# MATERIAL PROVIDED:

-=-=-

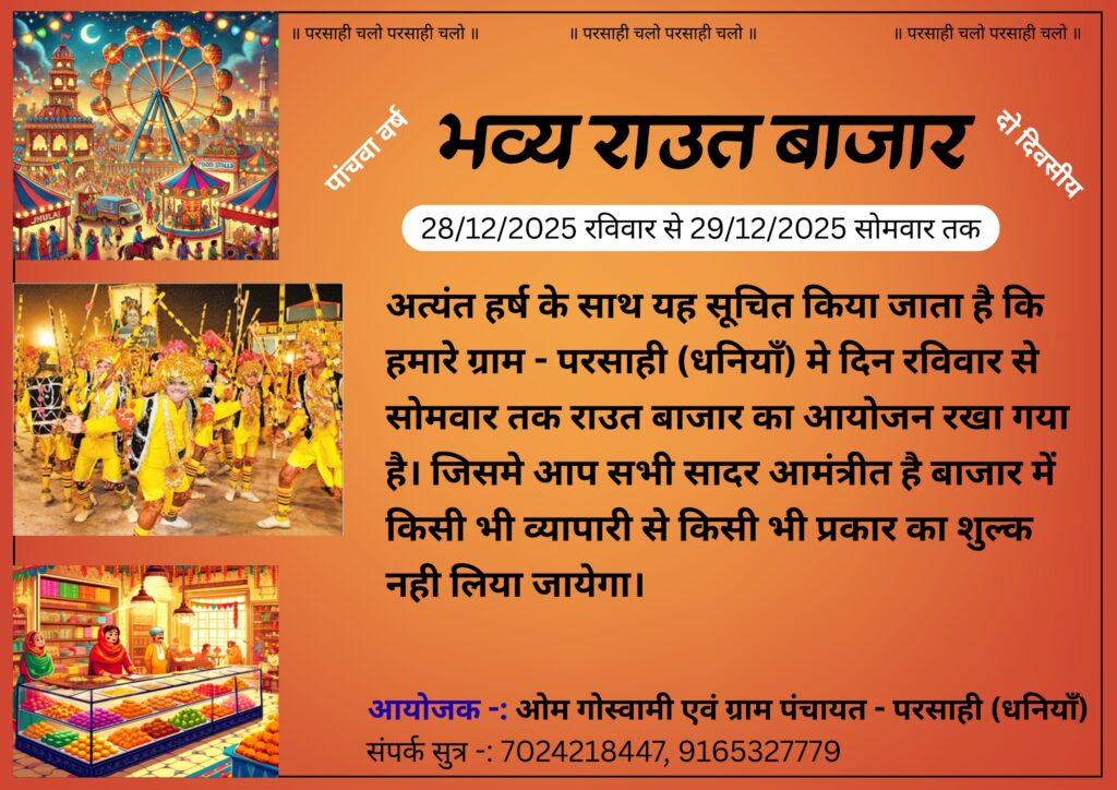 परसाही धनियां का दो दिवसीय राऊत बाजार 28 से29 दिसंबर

-=-=-

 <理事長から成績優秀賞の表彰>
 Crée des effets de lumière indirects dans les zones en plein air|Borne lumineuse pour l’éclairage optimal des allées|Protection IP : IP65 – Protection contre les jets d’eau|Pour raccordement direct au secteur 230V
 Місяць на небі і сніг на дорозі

-=-=-

# EXERCISE DESCRIPTION:
Nothing but the lines above from the one containing "Crée des effets" through the one containing "Місяць на небі і сніг на дорозі" should appear in the answer, each repeated exactly.

# EXERCISE OUTPUT:
 Crée des effets de lumière indirects dans les zones en plein air|Borne lumineuse pour l’éclairage optimal des allées|Protection IP : IP65 – Protection contre les jets d’eau|Pour raccordement direct au secteur 230V
 Місяць на небі і сніг на дорозі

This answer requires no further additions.